Personal information
- Name: Johnmar Villaluna Danerie James Rosario
- Nickname(s): OhMyV33NUS (Villaluna) Wise (Rosario)
- Nationality: Filipino

Career information
- Game: Mobile Legends: Bang Bang
- Playing career: 2019–2023
- Role(s): Mid-lane / Roamer (OhMyV33NUS) Jungler (Wise)

Team history
- 2019–2020: ONIC Philippines
- 2020–2024: Blacklist International

Career highlights and awards
- MPL Philippines Regular Season MVP (S10 – OhMyV33NUS); 2x MPL Philippines Team of the Season (S8, S10); MLBB World Championship (M3); 3x MPL Philippines champions (S7, S8, S10); 1x Southeast Asian Games Gold Medalist (2021); 1x IESF World Tournament Silver Medalist (2022); 2x Runner-up MLBB Southeast Asia Cup Singapore (2021) Cambodia (2023); M4 Championship Runner-up;
- Medal record
Esports
Representing Philippines
SEA Games
| Gold medal – first place | 2021 Hanoi | MLBB |

= V33Wise =

Filipino esports player duo

Johnmar Villaluna and Danerie James Rosario who are professionally known as OhMyV33Nus (Note: pronounced "Oh My Venus") and Wise are the members of the Filipino esports duo, V33Wise. (Note: sometimes written as "VeeWise") The pair has played Mobile Legends: Bang Bang and were part of ONIC Philippines and Blacklist International.

==Career==
===Esports===
The V33Wise duo has been playing together the mobile game Mobile Legends: Bang Bang (MLBB) since 2019. It consists of Johnmar Villaluna ("OhMyV33Nus") and Danerie James Rosario ("Wise"). OhMyV33Nus is a mid laner and a roamer while Wise is a utility jungler.

Originally a League of Legends (LoL) player, OhMyV33Nus took up MLBB in 2019 following the conclusion of MPL Philippines (MPL PH) Season 3. He has previously competed with friends in LoL in inter-barangay competitions.
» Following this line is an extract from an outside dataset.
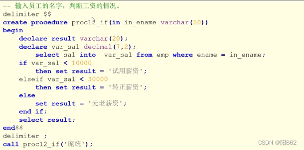 delimiter $$ create procedure proc12(in in_score int) begin if in_score <pre class="brush:sql;">-- 输入员工的名字,判断工资的情况。 /* sal = 10000 and sal = 20000 :元老薪资 */ delimiter $$ create procedure proc13(in in_ename varchar(50)) begin declare de_sal decimal(7,2); declare de_result varchar(50); select emp.sal into de_sal from emp where emp.ename =in_ename; if de_sal <h2> 五.流程控制—case</h2> <p>CASE是另一个条件判断的语句,类似于编程语言中的switch语法</p> <h3>语法</h3> <p style="text-align:center"><img alt="" style="max-width:100%" src="/uploads/20230225/167728867663f964e4b95db.png" style="max-width:100%"></p> <p> 演示</p> <pre class="brush:sql;">/* 支付方式: 1 微信支付 2 支付宝支付 3 银行卡支付 4 其他方式支付 */ -- 格式一 delimiter $$ create procedure proc16(in in_type int) begin case in_type when 1 then select '微信支付'; when 2 then select '支付宝支付'; when 3 then select '银行卡支付'; when 4 then select '其他方式支付'; end case; end $$ delimiter ; call proc16(2); -- 格式二 delimiter $$ create procedure proc17(in in_type int) begin case when in_type=1 then select '微信支付'; when in_type=2 then select '支付宝支付'; when in_type=3 then select '银行卡支付'; when in_type=4 then select '其他方式支付'; end case; end $$ delimiter ; call proc17(4);

OhMyV33Nus and Wise first became teammates with the amateur team Dream High. They were brought together by Gerald "Dlar" Trinchera, their mutual friend. As part of Dream High they competed in MLBB competitions across Luzon. Dream High was later absorbed by the professional team, ONIC Philippines.

====ONIC PH====
Wise and OhMyV33Nus were part of Onic Philippines rise in the esports scene, finishing as runners-up in MPL PH Seasons 4 and 5 V33Wise were released from ONIC in November 2020 after a dismal fourth place finish in Season 6. The duo considers this as the lowest point of their careers with OhMyV33Nus having to adjust to play on a mobile phone after being allowed to play on a tablet in Seasons 4 and 5.

====Blacklist International====
In November 2020, Blacklist International signed in V33Wise ahead of MPL PH Season 7 next year.

They won the franchise and their own's first MPL PH title by defeating Execration in the final in the tournament. They defended their title in Season 8. The duo helped Blacklist finished as runners-up at the 2021 MLBB Southeast Asia Cup and December of the same year win the MLBB M3 World Championship.

They sat out the Season 9 which was held in early 2022. V33Wise however took part in the 31st SEA Games in Vietnam in May. Blacklist formed the core of the Philippines national MLBB team which won a gold medal in the regional games. They return to MPL PH for Season 10 in October 2022 which they won.

In January 2023, Blacklist finished as runners-up to ECHO at the M4 World Championship. Blacklist finished as runners up again to ECHO in MPL PH Season 11 in May 2023. The duo took a break again for Season 12. Wise announced his resignation from Blacklist on July 4, 2024, shortly after OhMyV33Nus' announced his departure.

===Content creation===
====Aurora Gaming====
Aurora Gaming of MPL PH has signed in V33Wise in July 2024. The duo's role was later clarified to fulfill the role of content directors.

==Personal lives==
OhMyV33Nus identifies as a member of the LGBT community. He has been subjected to homophobia as a player but has openly used his identity to represent the LGBT community in esports. He is in a relationship with teammate Wise with the latter describing the former as his "love of my life".

OhMyV33Nus was born on July 20, 1994, in Antipolo, Rizal. In his early years he often played video games for around 12 hours on average. As his family back then did not own a personal computer, he would often frequent internet cafés. His mother is an Overseas Filipino Worker in Japan and lived along with his grandfather and grandmother. Both his grandparents and mother had negative perception on gaming.

He started playing role-playing games such as Ragnarok at age 13. He then shifted to playing Warcraft and Dota, when informal tournaments centering around these types of games became popular. Villaluna at a young age decided he would want to pursue a career in gaming. He started mobile gaming sometime between the period when he was 17 to 19 years old playing games such as League of Legends.